I use a 1973 Traynor YGL Mark 3 fitted with KT88s (got off this forum) into an Ampeg 4x10 Bass cabinet. So this is basically an overbuilt clean (Fender Twin style) electric guitar amp into a bass cabinet. I tried my (other)YGL into a guitar cabinet, but the speakers added too much of their own electric guitar type flavour, sounding more brittle. The bass cab really made it sound much more Hi-Fi -> suitable for Acoustic guitar.
So, a really Hifi sounding speaker cab (with awesome low end) combined with the warmth of a powerful clean tube guitar amp seemed perfect. Plus I got to add some of the YGL's great reverb and trem for an even more lush character). Anyways, it sounded so much better than anything else I had tried that I had to email my bass player in order to remind her to bring her own bass amp because I would need to use mine this weekend. (don't feel sorry for her- her Markbass amp is ridiculously light to carry).

So, anyone else find something that works great for their acoustic guitar?
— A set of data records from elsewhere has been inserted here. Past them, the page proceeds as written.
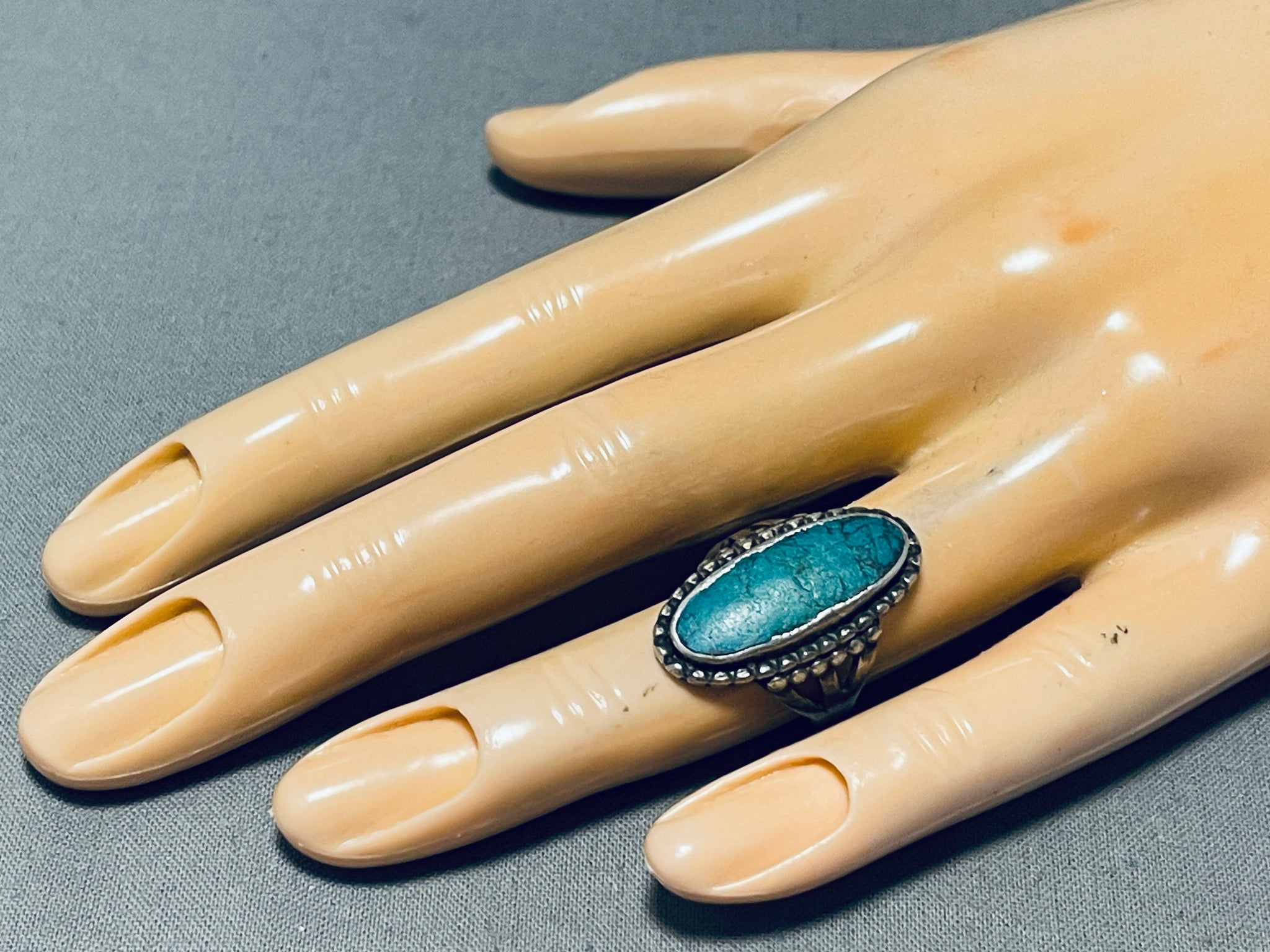 Unbelievable Vintage Native American Navajo Pilot Mountain Turquoise Sterling Silver Ring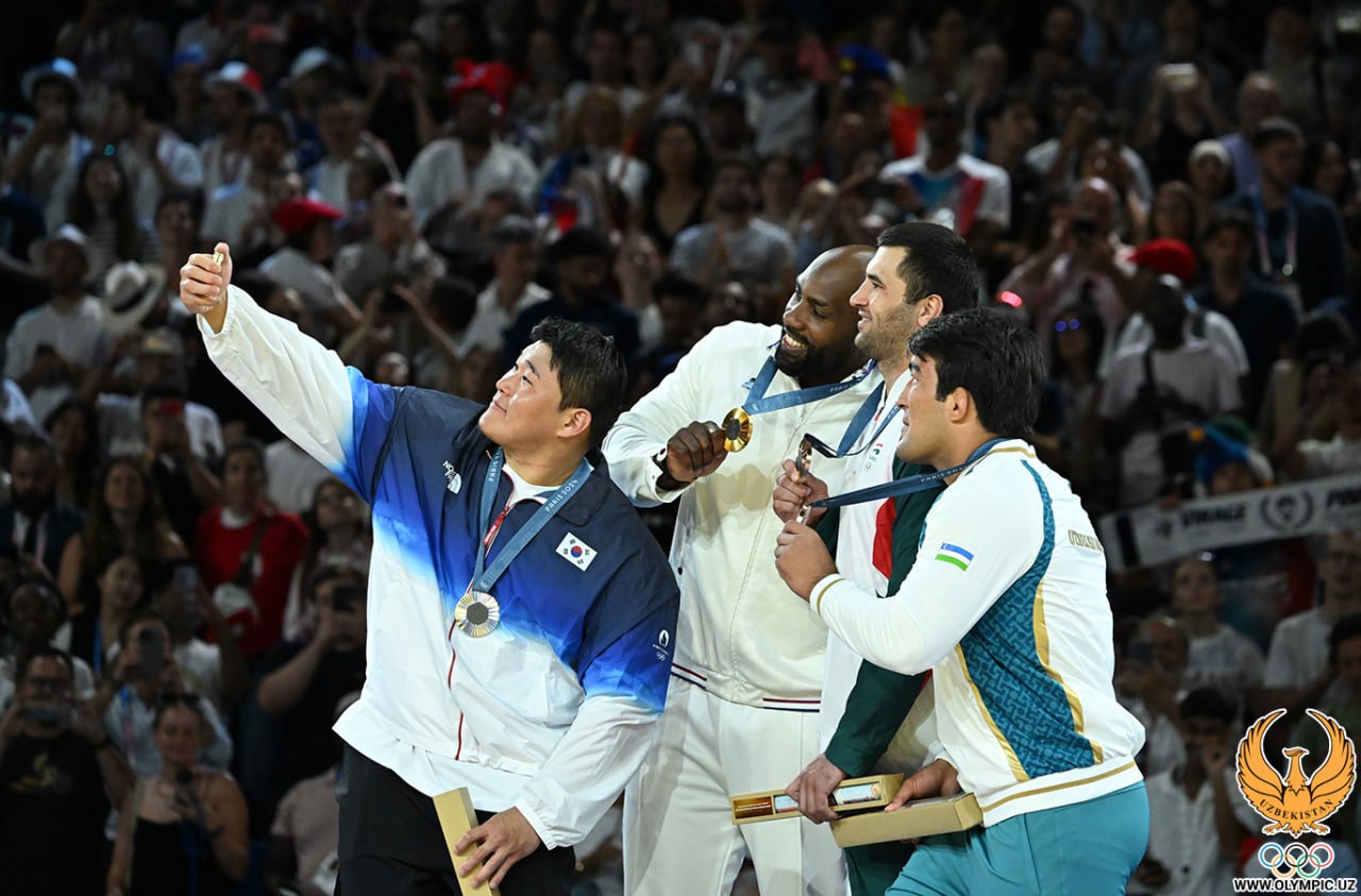 Parij-2024 yozgi Olimpiya o’yinlarining bronza medali sohibi Alisher Yusupov dunyoning eng kuchli dzyudochilar bilan shohsupada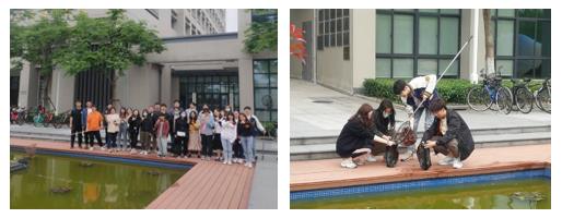 学院社团核心理事会携手自动化、电气系本科生党支部清洁学院大楼前水塘、投喂塘中乌龟、小鱼等动物,同学们无一不感叹学校绿色生态环境。

Great preamps, acoustic amps, etc? 
This rig seems really impractical on a size and weight standpoint, but I will keep in mind the whole tube amp into bass speaker idea. Anyone tried that?


----------



## bw66 (Dec 17, 2009)

I find that any amp that gives a clean tone and fairly flat response works well. I use my old Yamaha G30-112; a solid state electric guitar amp with decent onboard reverb. I'm not surprised that your bass amp sounds good - they are usually cleaner and more "accurate" that amps made for electric guitar.


----------



## bcmatt (Aug 25, 2007)

bw66 said:


> I find that any amp that gives a clean tone and fairly flat response works well. I use my old Yamaha G30-112; a solid state electric guitar amp with decent onboard reverb. I'm not surprised that your bass amp sounds good - they are usually cleaner and more "accurate" that amps made for electric guitar.
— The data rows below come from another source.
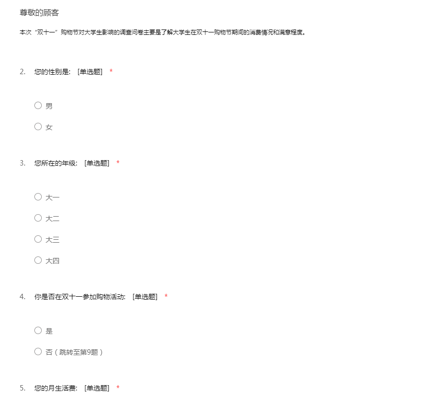 您好!我们现在在做一份关于大学生消费情况的问卷调查,消费是我们每天都要经历的事。大学生有了一定的经济来源,能够自由消费。所以如何合理消费成了我们去探讨的问题,希望能占用你们几分钟的时间,认真填完这份问卷,我们将感谢您的配合
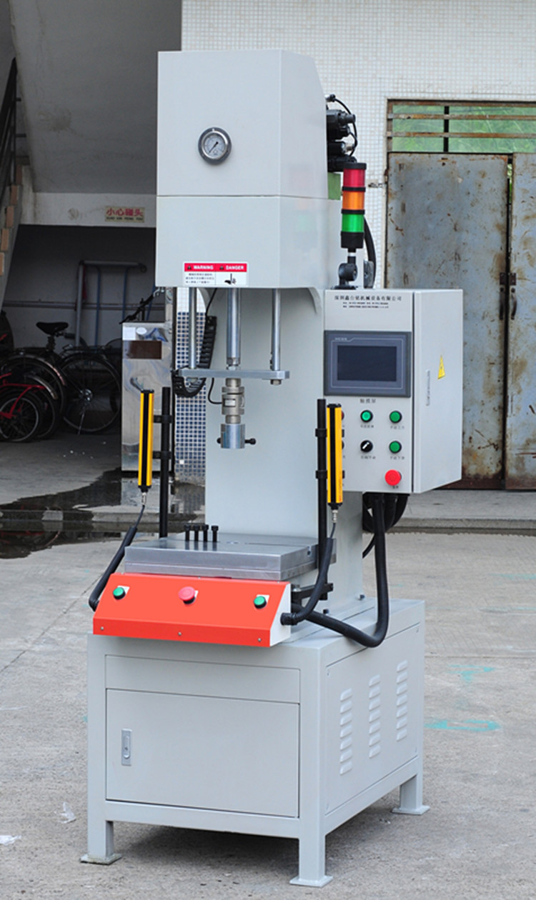 C型数控油压机 单柱精密油压机 宁波电机压装油压机C型油压机适用范围:金属或非金属零件压印、成型、浅拉深、整形及压力装配等;眼镜、锁具及五金零件的压制、电子接插件、电器零件、电机转、定子压装等。 C型油压机安全操作规程 :
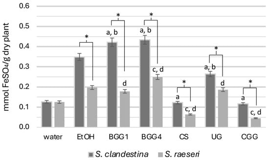FRAP activity of the natural deep eutectic extracts of SC and SR. The letters and the asterisks denote statistical significance (p < 0.05) as follows: a, vs. SC-EtOH; b. vs. SC-H2O; c, vs. SR-EtOH; d, vs. SR-H2O; *, vs. the same extract from the other taxon.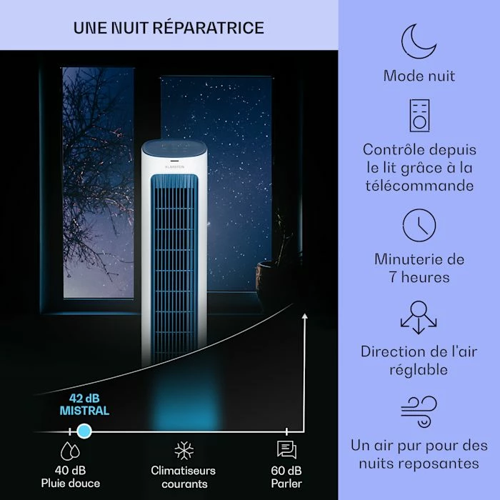 - Fonction ionisateur : filtre les particules de poussière et d’odeur dans l’air

Well, the amp itself is made for electric guitar. I guess my discovery is that speaker cabinets for bass are the part that is well suited for acoustic guitar. Combine that with the tube warmth of a clean guitar amp and it seems we have a winner!


----------



## Mooh (Mar 7, 2007)

Agreed. I've often used a Traynor XM50 bass amp in lieu of my Traynor AM150T for acoustic guitar. It's smaller, has better bass, and isn't as inclined to feed back, though the AM150T has a notch filter. I'll use them both if I want the best of both worlds and will accept the hassle of carrying both. I use a Radial A/B/Y to connect them. Whenever practical, I'll add a mic (usually a Sennheiser).
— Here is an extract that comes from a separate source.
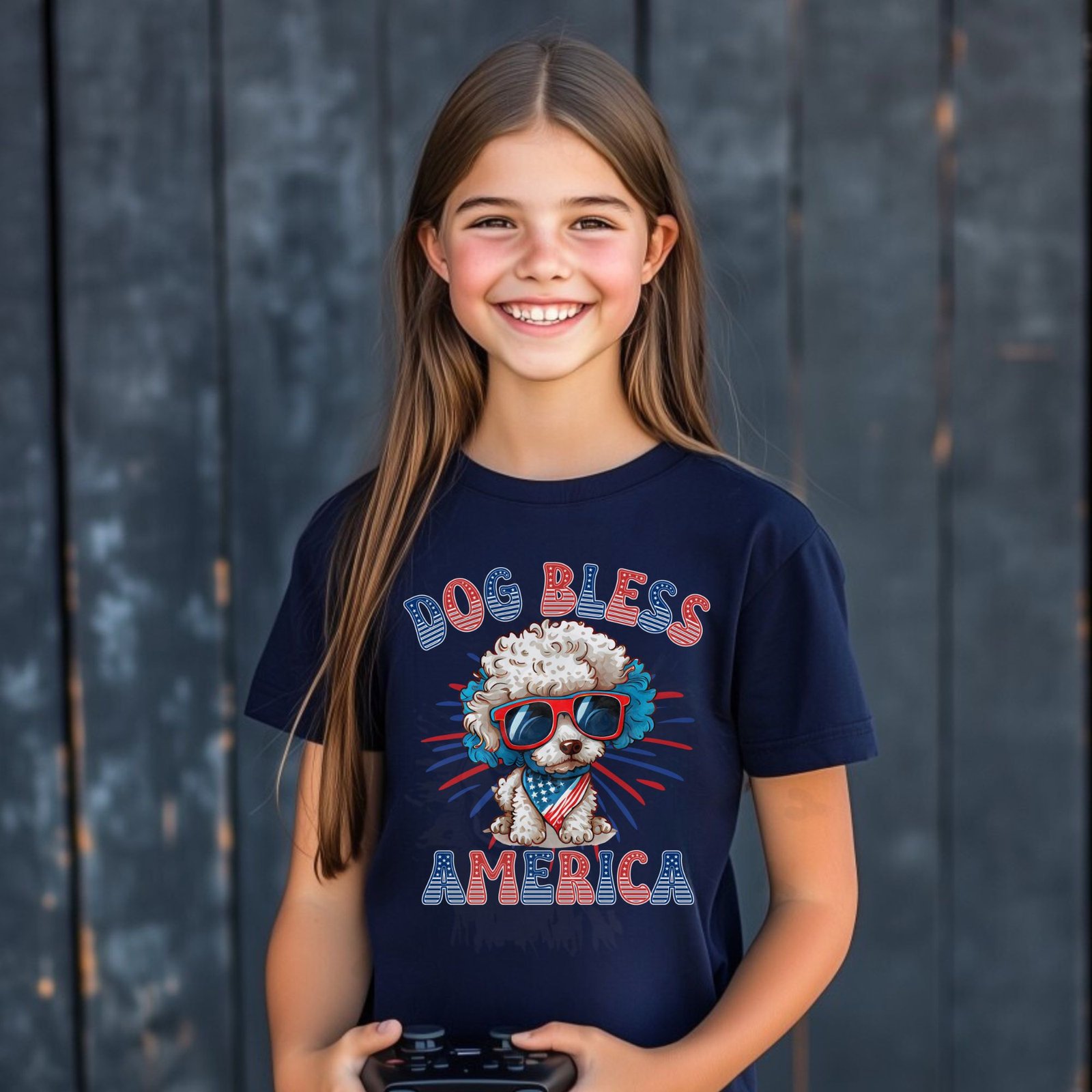 - Bold “DOG BLESS AMERICA” patriotic statement

Many high end jazz amps will do service as acoustic guitar amps. 

Peace, Mooh.


----------



## Guest (Apr 5, 2011)

Acoustic Guitar -> AxeFx -> FoH. Bliss.


----------



## Mike MacLeod (Nov 27, 2006)

The best sound is a Neumann KM-184. I use it whenever possible.
The next best is My Laskin with a Trinity system by K&K. I will occasionally use it with a Baggs Venue. If I am sending to FOH I will split the signals and send the tech a pick-up feet and mic feed separately so he can mix the house with a blend and my wedge or 'ears' with the pick-up for cut in the monitor mix.
If I have to compete with drums or a loud amp on stage, I'd rather not do the gig. However, under those conditions, I'll play something with an under-saddle pick-up and a Venue.
I never play with an amp on stage. Anything that adds to stage level compromises the FOH.


----------



## ronmac (Sep 22, 2006)

Pendulum SPS-1 preamp is the best I have used, by far. Excellent high headroom pres with very flexible parametric EQ and routing options.


----------



## BEACHBUM (Sep 21, 2010)

I went with Martin and Fishman.


----------



## allthumbs56 (Jul 24, 2006)

I had an under-saddle installed in my Yamaki years ago and used it on stage with an external Fishman pre-amp - typically straight in to FOH and it always got the nod from the sound guys. At some point I started using a Yorkville "Mixer" amp with it and that really worked well too.

The Mixer amps were, I think, primarily for keys but I have used it for all manner of things - keys, acoustic, POD/electric, bass, even as a one-piece P/A. Quite a handy piece of kit and did not cost a lot either.


----------